Этот факт был единственной причиной моего участия в полете: самое лучшее, когда каждый работает со своими собственными аппаратами, так как он лучше всякого другого наблюдателя должен знать их недостатки и преимущества. Уже на первом совещании о полярных полетах — в этих совещаниях участвовали и капитаны Мариано и Цаппи — Мальмгрен высказался за то, чтобы я участвовал во всех исследовательских полетах в полярной области, чтобы согласовать результаты их с моими научными измерениями, сделанными во время полета из Милана на Шпицберген.

Как я уже отметил, Нобиле был весьма расположен к моим работам и высказывался за мое участие, даже если бы пришлось сократить численность команды. Но оказалось, что это не так просто. При первом полете, который, впрочем, был неудачным, так как дирижабль вследствие неблагоприятной погоды вынужден был возвратиться с мыса Северного, мое участие не состоялось в пользу третьего офицера, обер-лейтенанта Вильери. При втором полете, который был предпринят по направлению к Земле Ленина{2}, вместо меня был взят на борт корреспондент итальянской газеты «Корьере делла Сера» — Томазелли. В обоих случаях Нобиле в последний момент решил взять с собой вместо меня упомянутых лиц (по собственной ли воле или вследствие вмешательства названных или других членов экспедиции, — я не знаю и не хочу обсуждать). Во время обоих полетов мой итальянский товарищ Понтремоли, профессор Миланского университета, был вынужден производить уже не только свои собственные магнитные измерения, но и измерения с моими аппаратами, в области атмосферного электричества.

При этом ему помогал Мальмгрен, но так как он сам в качестве метеоролога экспедиции был слишком занят, то профессор Понтремоли во время полета к Земле Ленина был действительно перегружен работой. Тем не менее, — особенно принимая во внимание то обстоятельство, что он работал с моими аппаратами впервые, надо сказать, что он провел наблюдения образцово. Результаты он мне передал для разработки сейчас же после полета, благодаря чему они не подверглись уничтожению, как прочие результаты работ моего товарища, которого я не хочу назвать несчастным, так как я все еще верю, что он и остальные члены группы Алессандри вернутся к нам, и так как я не хочу помириться с мыслью, что мы уже никогда не встретимся для совместного опубликования результатов полярной экспедиции, для которой он с самого начала работал с таким увлечением и такой любовью.

Во вторник, 22 мая, за офицерским столом судна «Читта ди Милано» уже говорили о вероятности старта в тот же вечер.

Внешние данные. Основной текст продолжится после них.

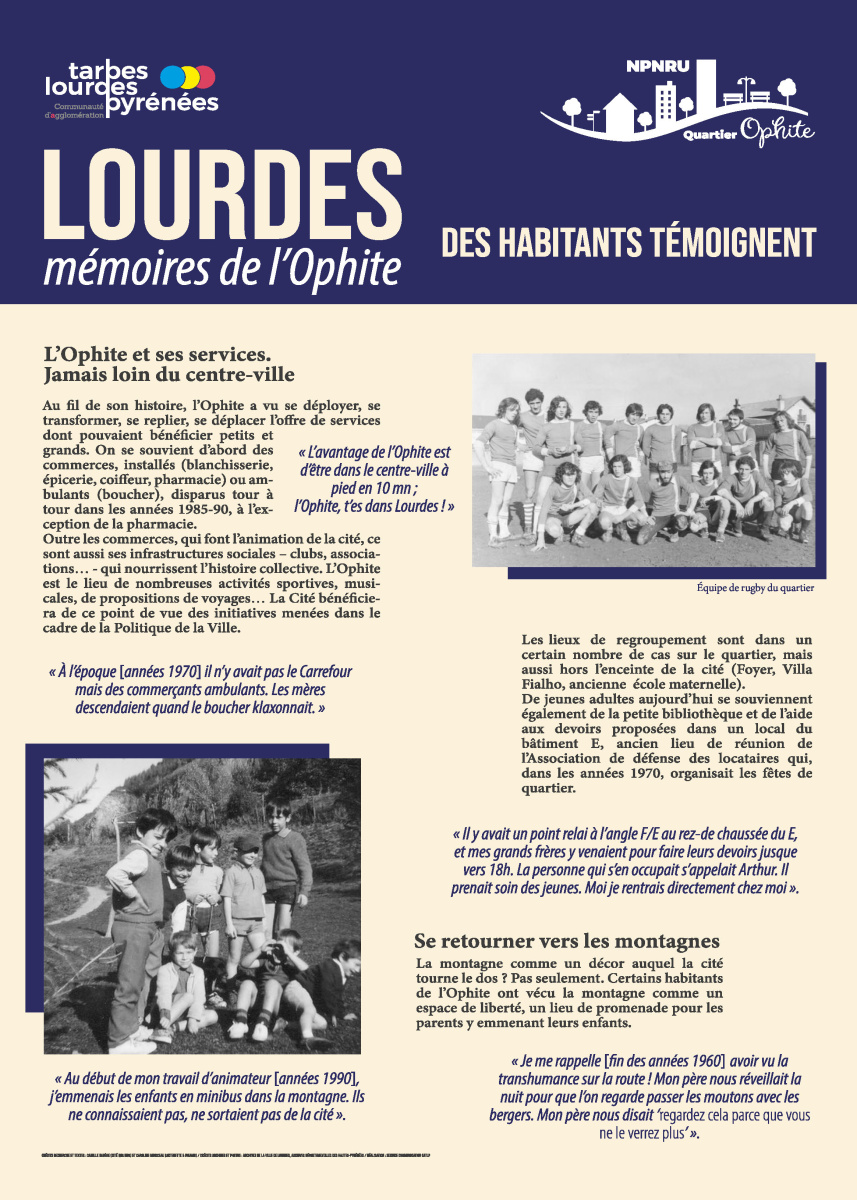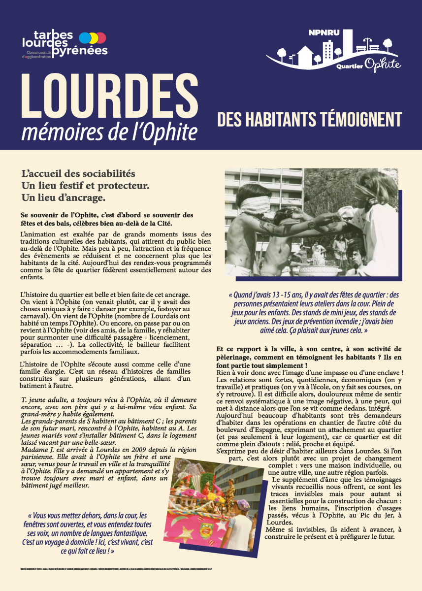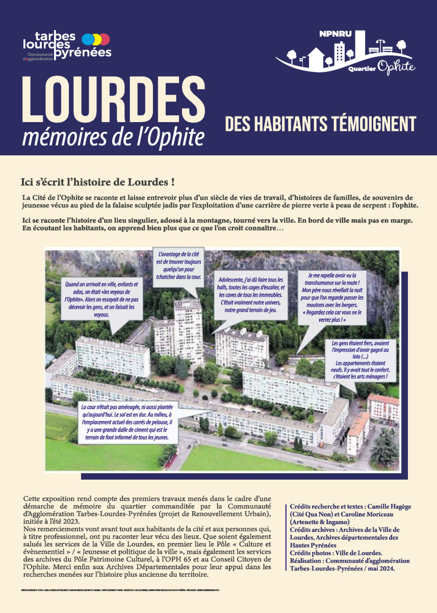 La réalisation de cette exposition liée à la reconnaissance et à la mise en valeur de la mémoire du quartier intervient dans le cadre du Nouveau Programme National de Renouvellement Urbain, le NPNRU de l’Ophite à Lourdes.

За нашим столом председательствовал капитан Мариано. Нобиле, по обычаю итальянских офицеров, сидел отдельно с командиром судна И. Романьо, и во время беседы сказал, что мое участие в полете обеспечено. Несмотря на такие утверждения, я не особенно верил этому, — не верил и потом, когда капитан Мариано сообщил мне частным образом, что сокращение команды коснется, вероятно, второго телеграфиста Педретти или же обер-лейтенанта Вильери, но что мое участие вполне обеспечено. Все же я в тот же день, после полудня, отправился в ангар дирижабля, чтобы осмотреть аппараты и заменить электрометр, который стал крайне чувствителен к вызванной моторами вибрации дирижабля, другим электрометром, менее чувствительной конструкции. Стояла прекрасная погода, какой у нас до этого в Кингсбее почти не было: сияло солнце, и только кое-где наблюдались тонкие полосы тумана. Я, вместе с лейтенантом Арлуино, пошел по дороге, которую проложил по снегу наш трактор. В гондоле дирижабля я уже застал Нобиле и Понтремоли. Нобиле осматривал монтаж аппарата, предназначенного для океанографических работ. Понтремоли наблюдал свои аппараты: двойную буссоль, аппарат для измерения электрического поля земли и другие аппараты, предначенные для измерений при предполагавшемся снижении на полярный лед.

Перейти на страницу:

Похожие книги

Адмирал Советского Союза
Адмирал Советского Союза

Николай Герасимович Кузнецов – адмирал Флота Советского Союза, один из тех, кому мы обязаны победой в Великой Отечественной войне. В 1939 г., по личному указанию Сталина, 34-летний Кузнецов был назначен народным комиссаром ВМФ СССР. Во время войны он входил в Ставку Верховного Главнокомандования, оперативно и энергично руководил флотом. За свои выдающиеся заслуги Н.Г. Кузнецов получил высшее воинское звание на флоте и стал Героем Советского Союза.В своей книге Н.Г. Кузнецов рассказывает о своем боевом пути начиная от Гражданской войны в Испании до окончательного разгрома гитлеровской Германии и поражения милитаристской Японии. Оборона Ханко, Либавы, Таллина, Одессы, Севастополя, Москвы, Ленинграда, Сталинграда, крупнейшие операции флотов на Севере, Балтике и Черном море – все это есть в книге легендарного советского адмирала. Кроме того, он вспоминает о своих встречах с высшими государственными, партийными и военными руководителями СССР, рассказывает о методах и стиле работы И.В. Сталина, Г.К. Жукова и многих других известных деятелей своего времени.Воспоминания впервые выходят в полном виде, ранее они никогда не издавались под одной обложкой.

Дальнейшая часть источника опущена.